After it is reopened, Nizam’s will be the first non-vegetarian eatery in Calcutta to use ghee made from cow milk as the medium of cooking, Kapoor added. The change in the medium will translate into a price hike for food items, ranging from Rs 2 to Rs 5. There are also plans to add a new dish, Prawn Biryani, and have a separate dress code for waiters at the beef counter.
Nizam’s is also ready to spread its wings. “We want to open outlets in Shyambazar (near the five-point crossing), Gol Park, Behala (near the tram depot) and on Picnic Garden Road in Ballygunge Place (East),” Kapoor said.
The landmark eatery was started in 1932 by Hasan Reza, a group D employee with the civic body. To please his English bosses, who had a strong dislike for food that left oil in their hands, he introduced paratha and kebab rolled together in a fine piece of paper. Thus was born the kathi roll.
eased with his innovation, the bosses allotted Reza, then operating from a small stall, a bigger room under a CMC building to the east of the civic headquarters. The outlet was named Nizam’s after Reza’s son Sheikh Nizamuddin. The present “actual owner” of the eatery is Nizamuddin’s son Irshad Alam.

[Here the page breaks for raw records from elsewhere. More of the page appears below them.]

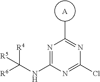 - (i) when X is N and A is optionally substituted phenyl, then (a) neither N(R7)C(R4)(R5)(R6) nor N(R8)C(R1)(R2)(R3) is NHCH2CH2OCH2CH2OCH2CH2NH2, 4-[[2-[2-(2-aminoethoxy)ethoxy]ethyl]amino] and (b) N(R7)C(R4)(R5)(R6) and N(R8)C(R1)(R2)(R3) are not both NHEt, NH(n-propyl), NH(n-butyl), NH(n-docecyl), NH-[(4-methoxyphenyl)methyl], NHCH2CH2CHO, NHCH2CH2OCH3, NHCH2CH2OH, NHCH2CH(OH)CH3, NHCH2CH2OC(O)phenyl, NHCH2CH2CH2OH, NHCH2CH2CH2N(CH3)phenyl, NHCH2C(O)OCH3, NHCH2C(O)OCH2CH3, NHCH2phenyl, NHCH(CH3)CH2CH3, or NHCH2CH2OC(O)CH3;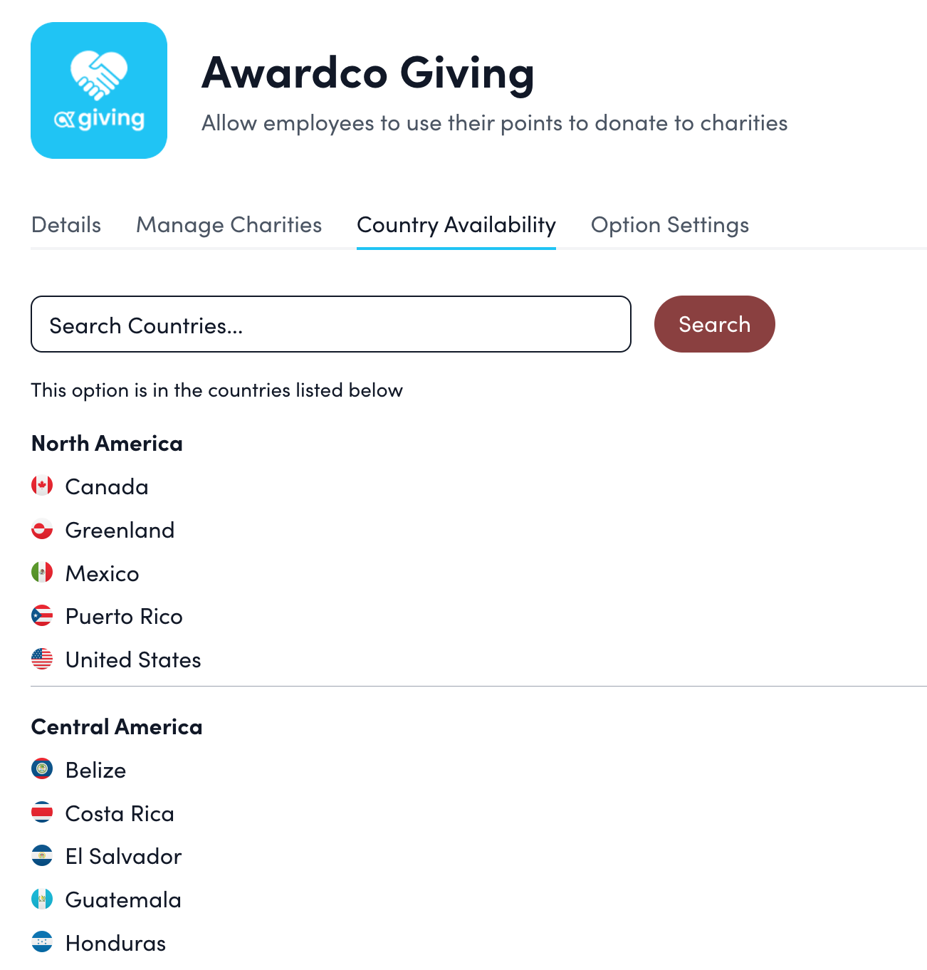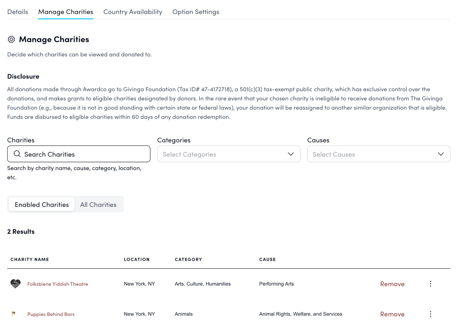 - Simplified Management: The need for manual upkeep and copying items from a master catalog is eliminated. Awardco Giving features a simplified, self-service management for adding, enabling, and removing charities.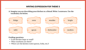 Betimleyici Yazma (Descriptive Writing): İlk bölümde öğrenciler, "Imagine you are describing your kitchen" yönergesiyle mutfaklarını; aydınlatma, mobilyalar ve eşyalar üzerinden detaylıca anlatır.

During the Trinamul Congress-BJP regime in the CMC, mayor Subrata Mukherjee had slapped a closure notice on the food stop following non-payment of rent amounting to Rs 15 lakh and snapped its water lines. After the change of power in the civic body, mayor Bhattacharyya and municipal commissioner Alapan Bandyopadhyay allowed the management to clear its dues in instalments, paving the way for the re-opening.